You can see the that all you have to do with this request is supply the address parameter, following the question mark.
Also note that it is specified that the response is requested in json format, as there are several possible formats for API requests. The Json format just happens to be the easiest to read.
And an Actual Telebroad API exapmple -
This request will return a response with many details about a user's PBX account - his phone number, extension, his caller ID, address, Fax line, voicemail number, SMS line, language, time zone, and more.
This is of course private information. This makes this API request different than the ones above, since it requires authontication. The details provided will only be given with proper username password identification, otherwise an error message will be returned.
The username will identify the user and hence no parameters are intially needed with this request (parameters are available to perform more fine tuned requests. See the myProfile specific instructions.)
See explnation of API authentication below.
The API method determines the nature of the operation perfomed by the API request.
The main methods available are:
Get - this method is used for reading information of a server or a web site. We have already seen a few examples of this above.
Post - this method is used for creating information on a server or a web site. An example would be creating a new e on a Twitter account, or creating a new SMS message that will be sent to a customer using a Telebroad account.
Put - this method is used for updating information on a server or a web site. An example would be updating an already existing message on a Twitter account.
Delete - this method is used for deleting information on a server or a web site. An example would be deleting an already existing message on a Twitter account.
Some websites divides the methods into different directories as seen the weatherserver example above.
With others the name of the request is already associated with a method - as in the Google maps example.
Yet, with others, the type of the method along with more information (including authentications) is sent in a more elbaorte manner, using an HTML header infomation. This is relevant to the Telebroad example.
API client apps
Instead of typing API requests from a browser you can use an API client app for the same purpose. With such an app you can perform more complex API operations, authontication is more straightforward, and the JSON responses are easier to read with autmoatic formatting options.
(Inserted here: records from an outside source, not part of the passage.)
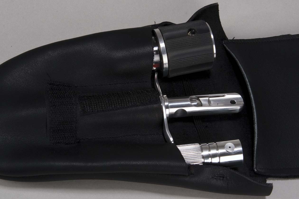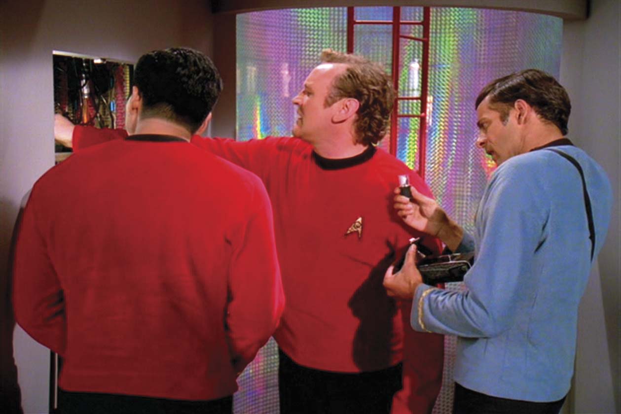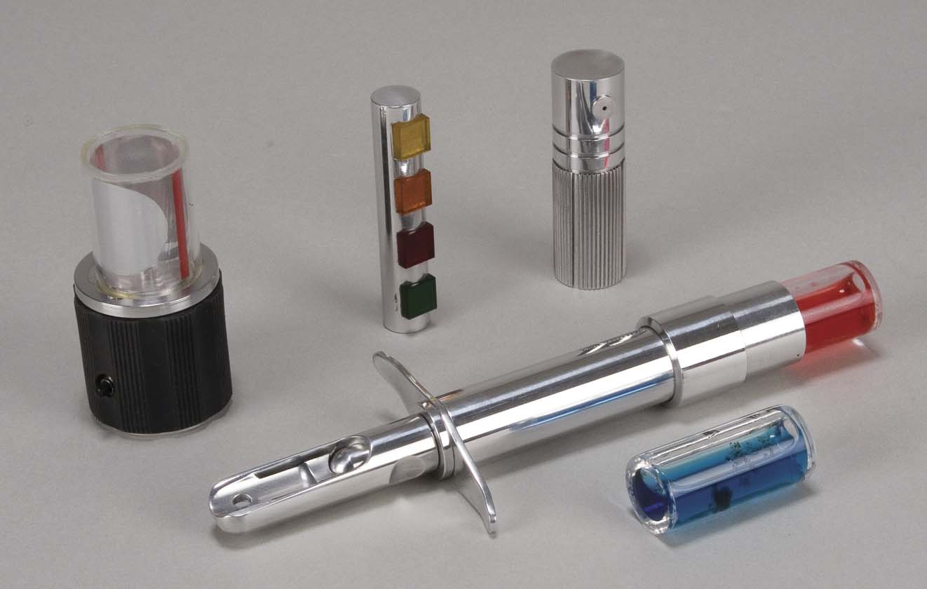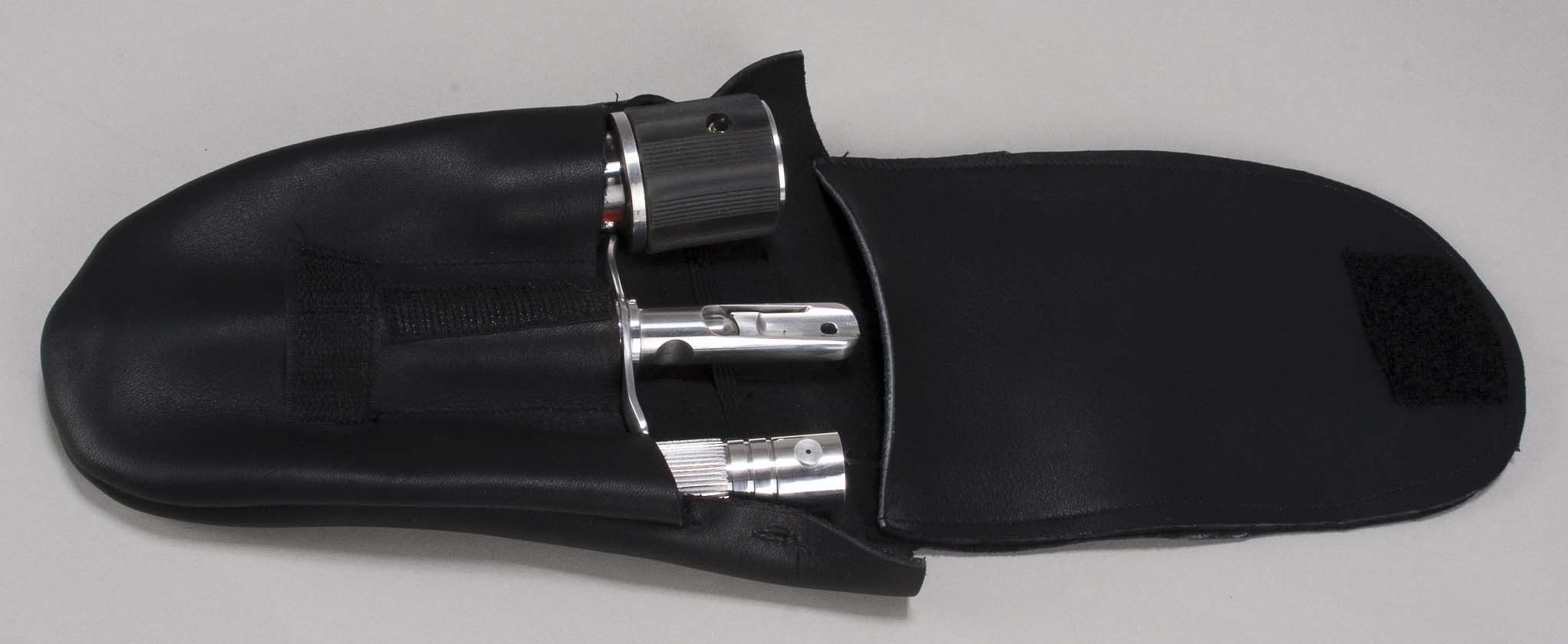 Description: (Paramount-TV, 1993-99) Retro-style medical tools, similar to those used by Dr. McCoy from the Original Series, including a hypo and working scanner. Five pieces total, housed in a black leather pouch. Used by Dr. Bashir in the DS9 episode, "Trials and Tribblations."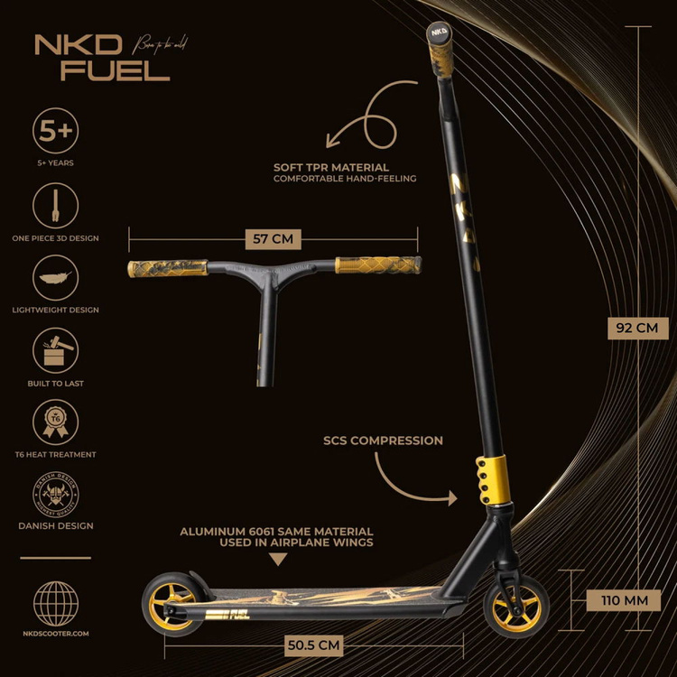 • NKD Fuel to hulajnoga wyczynowa zaprojektowana zarówno do jazdy w skateparku, jak i na ulicy. Dzięki wszechstronnej konstrukcji jest jedną z najlżejszych i najbardziej wytrzymałych hulajnóg dostępnych na rynku.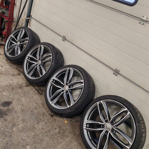 Hyvät 20" vanteet kohtalaisilla 275 45 20 nastarenkailla.

One good free API client is caled Postman Inspector. It can be downloaded and installed for from the Chrome web store:
The app functions completely seperatly from the Chrome browser as a stand alone program.
As we seen above some REST API requests require an authoentication of a user ID and password on the website, usually to connetct to a specific account. This is sometimes reffered to as a private method, as opposed to a public method that offer services available without requiring an account with the website.
Some sites allow for authontication to be included as a parameter, as seen in this example:
The problem with this is that it makes the password and user name visible, and despite the the security protocols that encrypt the transmittion (using HTTPS), it is still better to encode it.
There are several encoding methods. One of the most commonly used ones, which is popular with email programs, is called base64. It converts your user name and password into into one ASCII text string.
You can easily encode and decode base64 on a web site like:
An example of how this it works:
Before encoding combine them into one string--> firstname.lastname@example.org:ilovepbx
The encoded result will be-->dXNlckB0ZWxlYnJvYWQuY29tOmlsb3ZlcGJ4
This will be sent to the sever as the following HTML header for the Get/Myprofile API request:
GET /api/teleconsole/rest/myProfile HTTP/1.1
Authorization: Basic dXNlckB0ZWxlYnJvYWQuY29tOmlsb3ZlcGJ4
To make things easy, just use Postman Inspector or other API client, where you can entrer your user name and password as usual. Postman will handle all the base64 encoding and generate the HTML header automatically when you send the request.